• [Task description] Output only the lines below from the one holding "L: bust 34 in, waist" down to the one holding "- バルコニーからのぞく飾り木は木専用のガードラックアクアで塗装しました。", both end lines included and every picture dropped.
::: Dataset excerpts :::
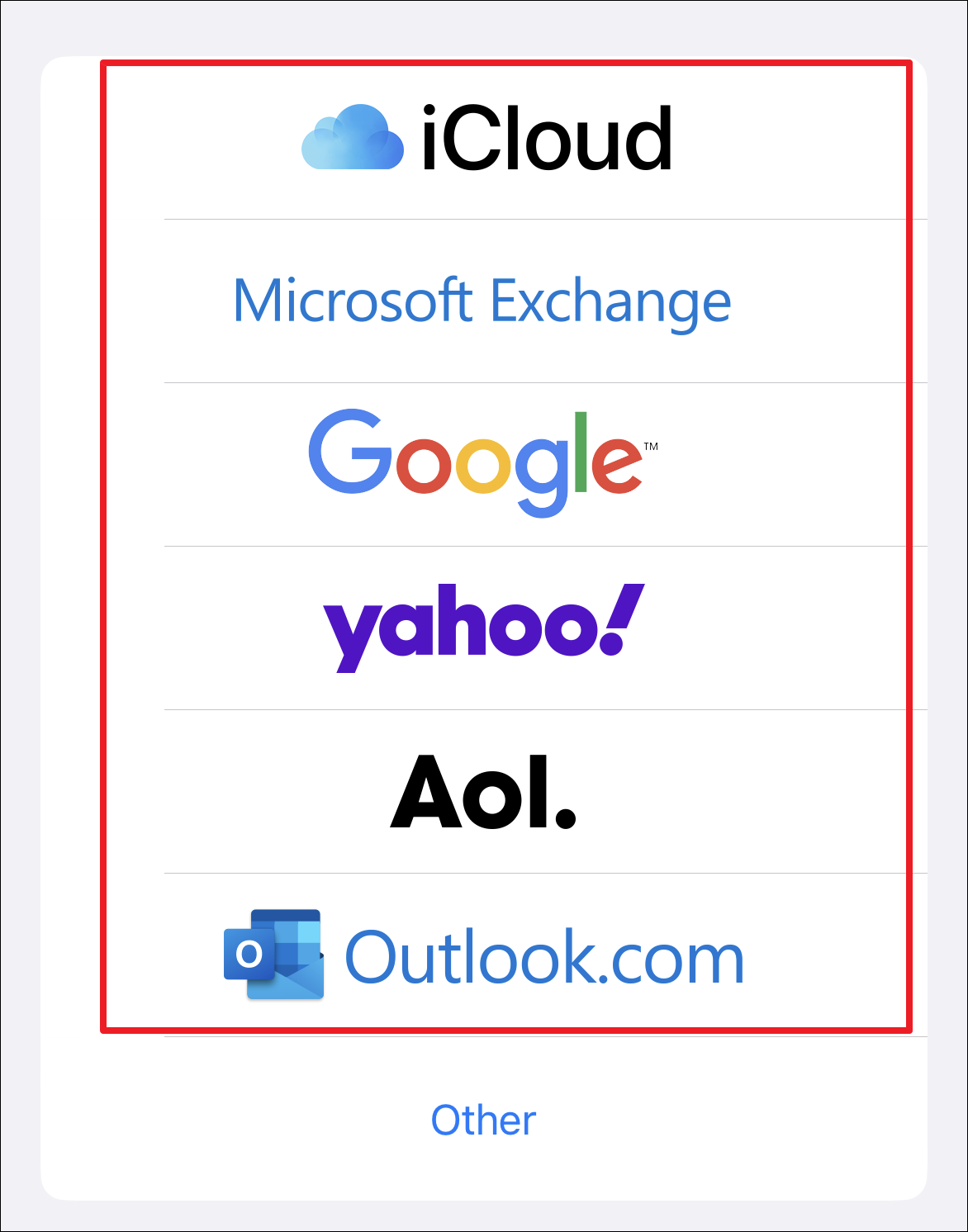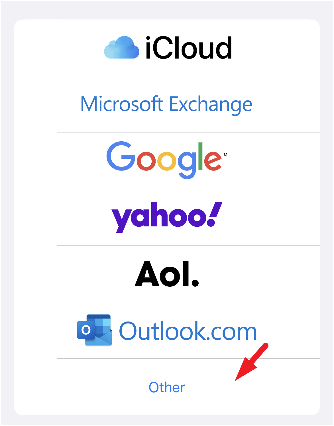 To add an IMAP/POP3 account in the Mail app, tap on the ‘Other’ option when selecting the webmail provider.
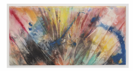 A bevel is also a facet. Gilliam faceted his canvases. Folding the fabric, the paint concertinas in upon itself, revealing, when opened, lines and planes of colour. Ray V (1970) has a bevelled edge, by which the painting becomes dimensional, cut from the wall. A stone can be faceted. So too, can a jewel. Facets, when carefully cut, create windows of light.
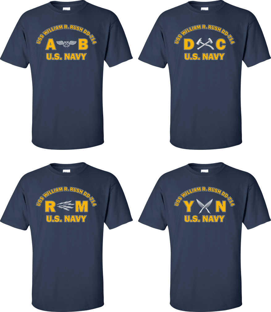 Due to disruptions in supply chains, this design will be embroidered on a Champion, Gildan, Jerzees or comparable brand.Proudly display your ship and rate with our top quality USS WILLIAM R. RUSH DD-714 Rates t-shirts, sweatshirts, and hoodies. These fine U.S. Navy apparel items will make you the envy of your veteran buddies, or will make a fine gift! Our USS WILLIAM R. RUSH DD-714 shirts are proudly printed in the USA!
:::
::: Dataset excerpts :::
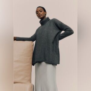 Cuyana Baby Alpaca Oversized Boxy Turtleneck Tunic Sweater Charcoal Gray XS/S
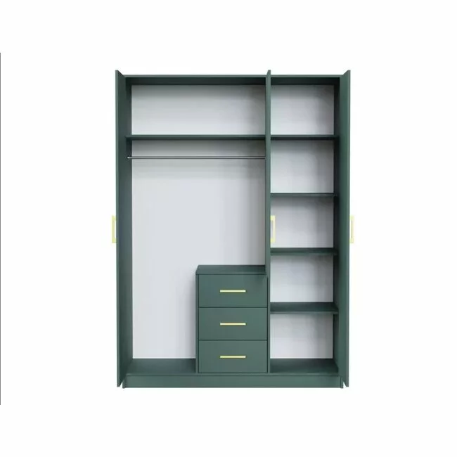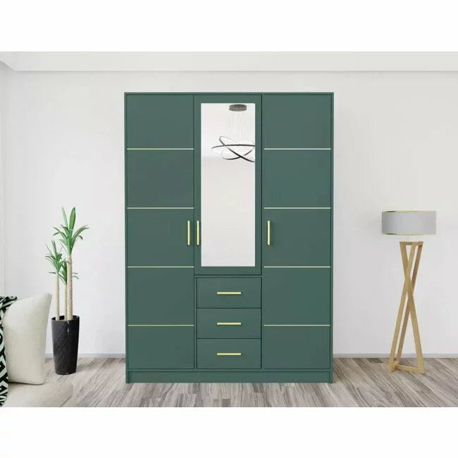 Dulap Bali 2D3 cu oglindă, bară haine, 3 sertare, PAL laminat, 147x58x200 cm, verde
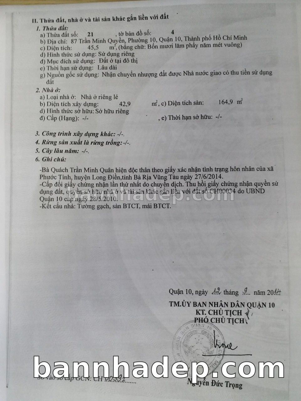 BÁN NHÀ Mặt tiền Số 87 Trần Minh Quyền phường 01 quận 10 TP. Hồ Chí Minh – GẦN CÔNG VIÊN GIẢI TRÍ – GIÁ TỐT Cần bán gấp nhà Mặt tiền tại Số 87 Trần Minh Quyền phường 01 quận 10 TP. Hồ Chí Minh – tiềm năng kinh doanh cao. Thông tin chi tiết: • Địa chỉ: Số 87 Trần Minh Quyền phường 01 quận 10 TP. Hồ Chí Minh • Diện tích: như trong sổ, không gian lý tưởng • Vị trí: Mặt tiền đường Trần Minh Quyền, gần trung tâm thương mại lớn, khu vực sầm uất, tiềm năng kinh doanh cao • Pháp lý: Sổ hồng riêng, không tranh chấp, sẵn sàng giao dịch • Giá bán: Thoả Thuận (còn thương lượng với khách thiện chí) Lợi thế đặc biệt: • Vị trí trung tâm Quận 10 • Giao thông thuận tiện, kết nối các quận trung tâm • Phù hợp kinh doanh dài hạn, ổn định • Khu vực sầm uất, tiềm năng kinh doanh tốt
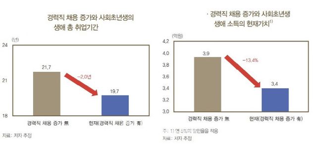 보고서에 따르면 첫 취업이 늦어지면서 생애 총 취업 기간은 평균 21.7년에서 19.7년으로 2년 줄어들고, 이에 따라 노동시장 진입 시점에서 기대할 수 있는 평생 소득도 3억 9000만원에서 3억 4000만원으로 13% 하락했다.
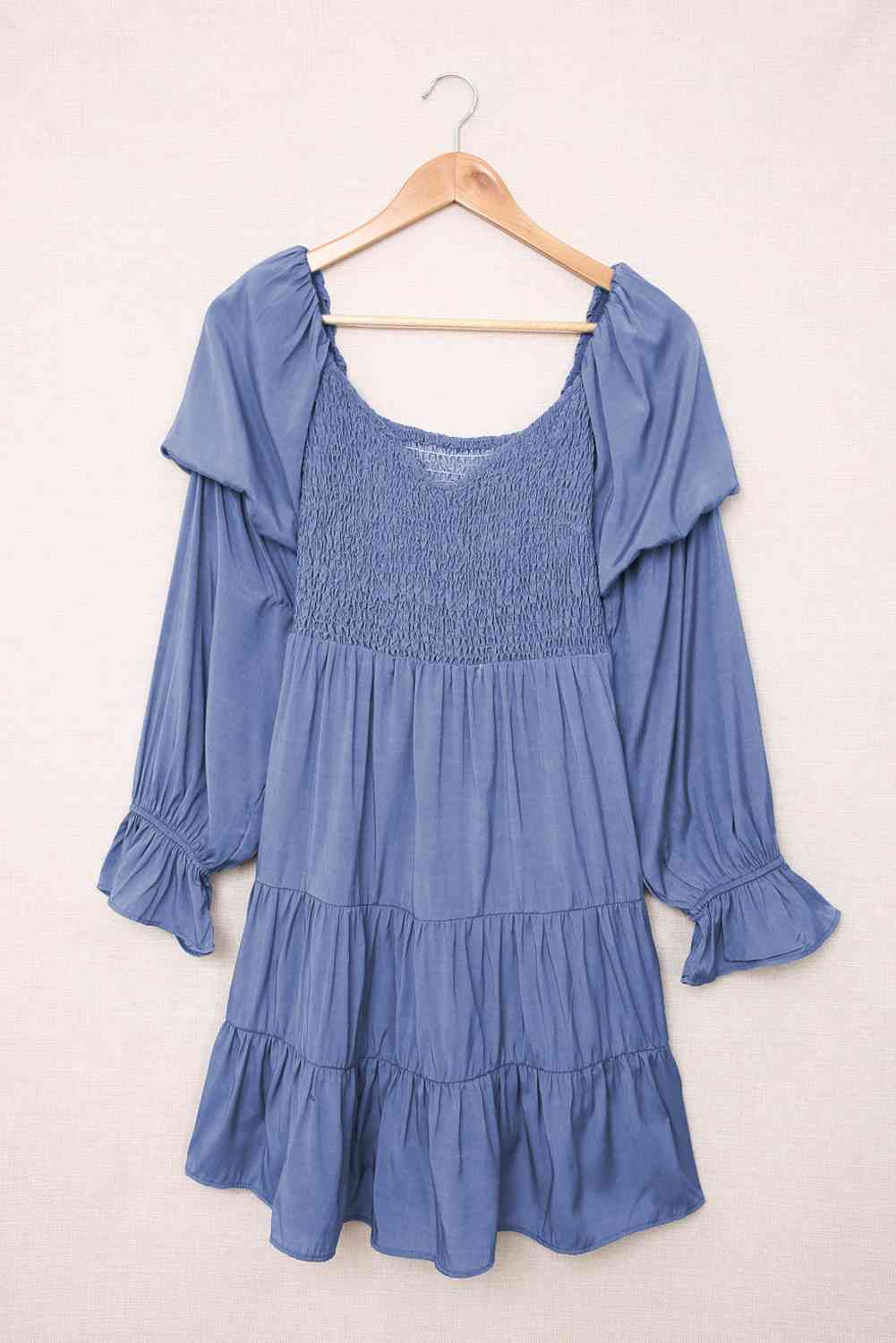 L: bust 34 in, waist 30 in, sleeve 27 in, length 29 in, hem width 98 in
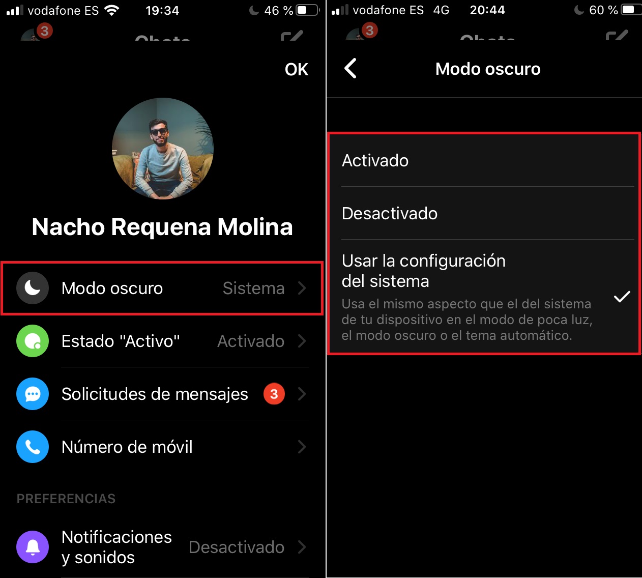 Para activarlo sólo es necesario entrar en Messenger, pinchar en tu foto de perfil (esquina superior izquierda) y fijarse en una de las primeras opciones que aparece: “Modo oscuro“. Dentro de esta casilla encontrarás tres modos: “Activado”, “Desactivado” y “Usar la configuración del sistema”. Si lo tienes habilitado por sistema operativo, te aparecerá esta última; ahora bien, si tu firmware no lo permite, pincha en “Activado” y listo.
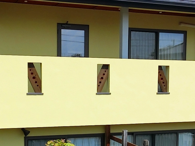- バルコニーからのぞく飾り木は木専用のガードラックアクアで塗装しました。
:::
::: Dataset excerpts :::
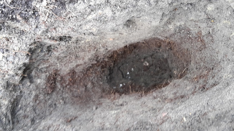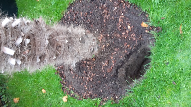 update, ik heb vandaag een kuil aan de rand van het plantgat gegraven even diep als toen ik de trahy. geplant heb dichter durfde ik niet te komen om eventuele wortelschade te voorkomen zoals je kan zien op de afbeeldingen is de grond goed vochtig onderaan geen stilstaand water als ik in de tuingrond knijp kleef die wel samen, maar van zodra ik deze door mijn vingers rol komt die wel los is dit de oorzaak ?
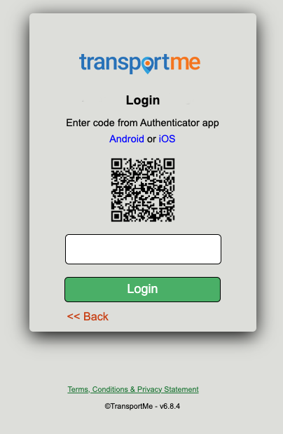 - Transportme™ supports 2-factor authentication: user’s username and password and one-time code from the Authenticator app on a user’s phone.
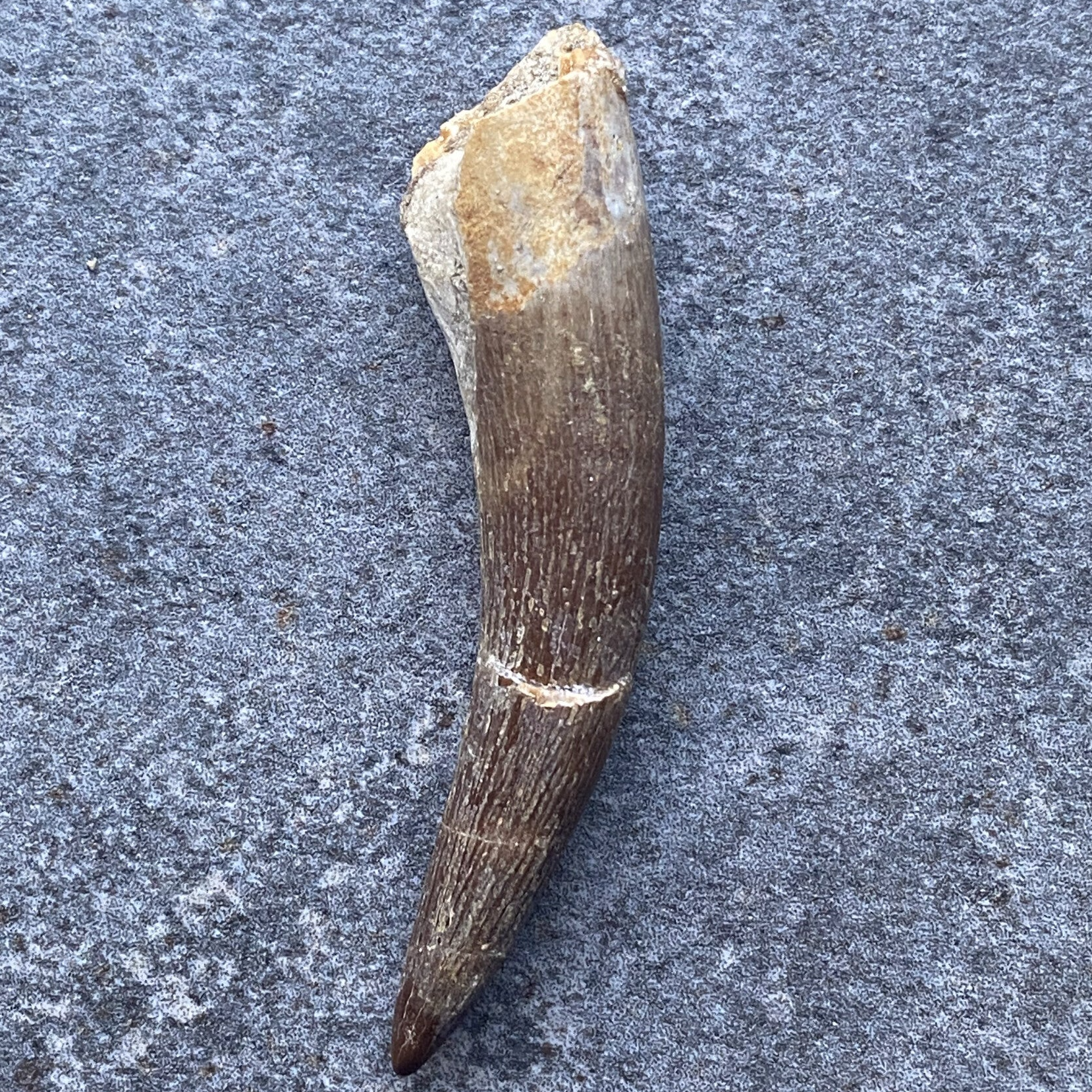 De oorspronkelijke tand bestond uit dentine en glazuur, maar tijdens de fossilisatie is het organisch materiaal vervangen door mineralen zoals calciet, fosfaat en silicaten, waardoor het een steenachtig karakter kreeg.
:::
• [Exercise result]
 L: bust 34 in, waist 30 in, sleeve 27 in, length 29 in, hem width 98 in
 Para activarlo sólo es necesario entrar en Messenger, pinchar en tu foto de perfil (esquina superior izquierda) y fijarse en una de las primeras opciones que aparece: “Modo oscuro“. Dentro de esta casilla encontrarás tres modos: “Activado”, “Desactivado” y “Usar la configuración del sistema”. Si lo tienes habilitado por sistema operativo, te aparecerá esta última; ahora bien, si tu firmware no lo permite, pincha en “Activado” y listo.
- バルコニーからのぞく飾り木は木専用のガードラックアクアで塗装しました。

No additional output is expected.